There is another aspect to Mardi Gras that becomes straining for locals; street shutdowns. The parades are large in scope and take hours to complete. Many of the main streets between uptown and downtown are shut down for vehicle traffic. St. Charles Avenue and Canal Street are where most of these parades take place. They are both shut down to vehicle traffic at least two hours before the parades begin. On certain days you could have three parades, taking hours to complete. If you are someone who must get to the uptown or downtown area for work, school, emergencies, and so on, you had better plan to leave at least an hour or so earlier than the two-hour shut down period. Say you have to be at work at five pm and your job is in that parade zone, the streets shutdown vehicle traffic at three pm. So, you’d have to leave at least around two pm or sooner to avoid not having a way to get to work. Don’t even get me started about parking.

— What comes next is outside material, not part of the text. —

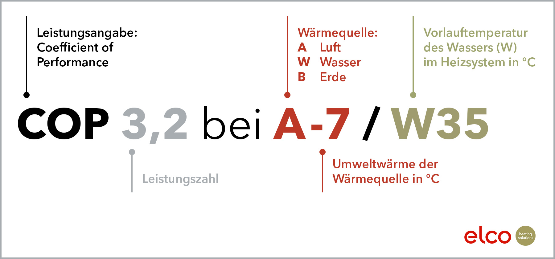 Beim Vergleich des COP verschiedener Modelle ist es wichtig darauf zu achten, dass dies unter den gleichen Voraussetzungen geschieht. So geben viele Hersteller für ihre Luftwärmepumpen den COP bei einer Außentemperatur von +7 °C und einer Vorlauftemperatur von 35 °C an (COP A7/W35). Andere Hersteller wie ELCO hingegen führen die Messung bei -7 °C durch (COP A-7/W35) und damit bei deutlich kälteren Temperaturen. Das zeigt, dass sich die angegebenen Werte nicht ohne Weiteres vergleichen lassen: Ein COP von 3,5 bei A-7/W35 kann in der Praxis effizienter sein als ein COP von 4,5 bei A7/W35, weil das Gerät auch unter deutlich ungünstigeren Bedingungen noch stabil arbeitet. Entscheidend ist daher immer, welche Prüfbedingungen hinter der Zahl stehen.
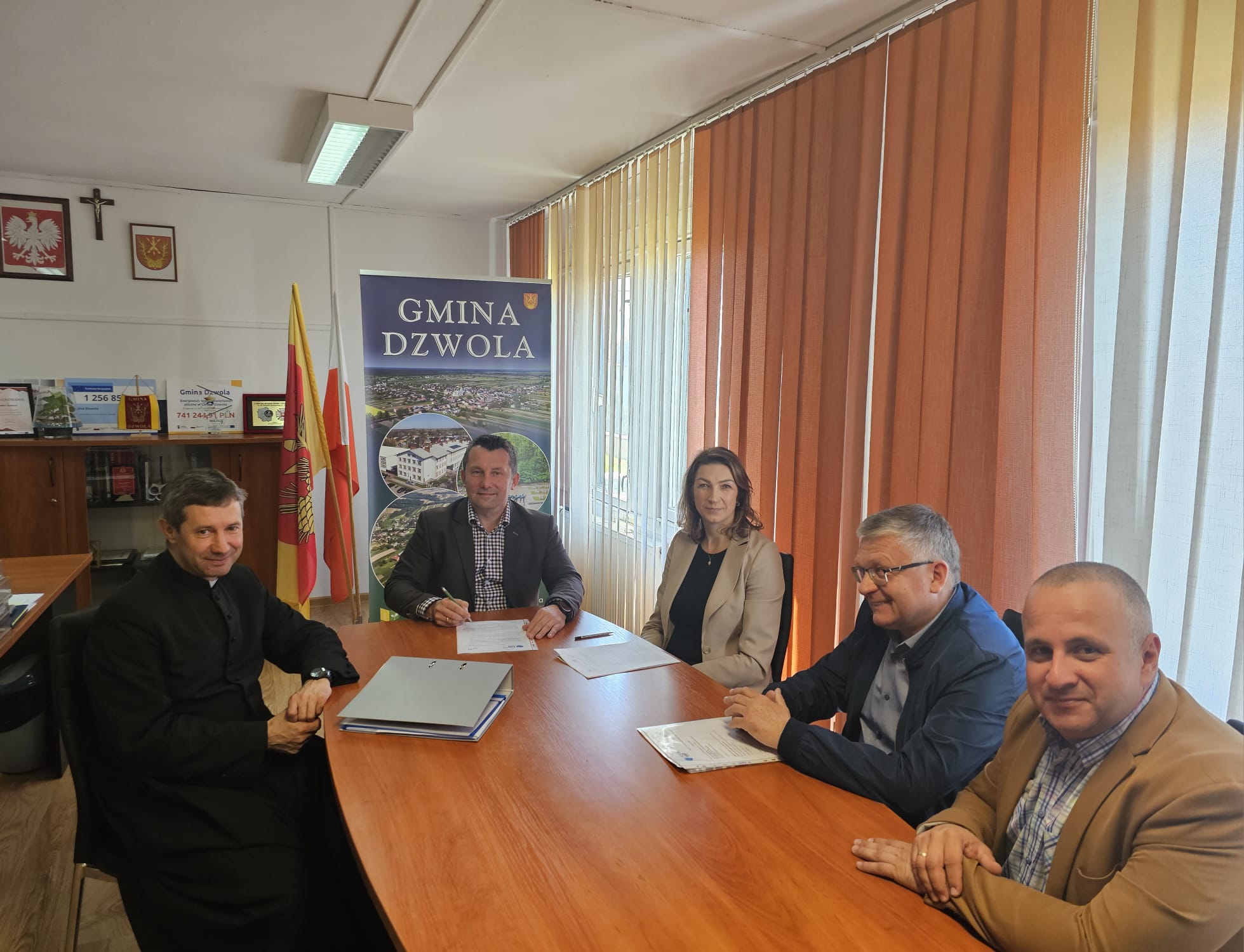 W dniu 30 kwietnia 2024 r. w siedzibie Urzędu Gminy Dzwola, Proboszcz Parafii p.w. Matki Bożej Częstochowskiej w Dzwoli Ks. Mariusz Pyryt podpisał umowę z firmą Waldemar Rycyk KAMIENIARSTWO GRANBUD na wykonanie „Renowacji kościoła p.w. Matki Bożej Częstochowskiej w Dzwoli” wyłonioną w przeprowadzonym zapytaniu ofertowym.

These factors usually create frustration for many locals, simply trying to go about their daily routine. The city doesn’t shut business down for these events, nor does life shut down. Mardi Gras becomes an added inconvenience for a lot of locals. This, in turn, becomes resentment. The tourists can enjoy themselves feely, without worry of jobs or other commitments. This has led to a perception that Mardi Gras is purely a tourist holiday. This makes locals, like me, feel resentful. Mardi Gras is supposed to be a New Orleans holiday, meant to be enjoyed by locals as much as tourists. Yet, the locals are treated more like theme-park employees in their own city. New Orleans, especially for Mardi Gras, has become an adult Disneyland.
Tourism is not a bad thing, to be fair. Everyone loves going on vacation, seeing new places, having new experiences. Yet, when a city’s entire economy becomes dependent on tourism, it makes the festivals and “culture” of the city seem fake. The locals know these festivals, like Mardi Gras, are only to reel in and cater to tourists anyway. Every year, a new festival seems to be created to pull in more tourist dollars. Many of the “authentic” New Orleans festivals and parades tourists witness, are devoted mainly to cater to them. They are about as spontaneous and cultural as Mickey Mouse greeting you in at Disneyland.
It is also worthy to note that there is an ecological issue associated with Mardi Gras. Millions of tons of plastic beads and trash accumulate over the years of these parades and festivities. The plastic beads are the worst of these. They are made with toxic chemicals that are not degradable. These beads get lodged into street drains, which cause a lot of issues with plumbing. It gets worse. 90% of these beads wind up in landfills and waterways that are eventually dumped into the ocean. One year 93,000 pounds of beads were excavated from St. Charles Avenue storm drains, which had caused flooding issues.
Mardi Gras is supposed to be a holiday for everyone in New Orleans. Yet, it has become dominated by tourists seeking an “authentic” New Orleans experience. Mardi Gras today is about as authentic as those beads the floats toss at you. Locals like me resent these circumstances, yet it seems impossible to change it at this point. New Orleans depends on tourism. Sadly, this makes many locals trapped in a service industry economy that overworks them, underpays them, and frustrates them when they should be in just as much celebration as the tourists they serve.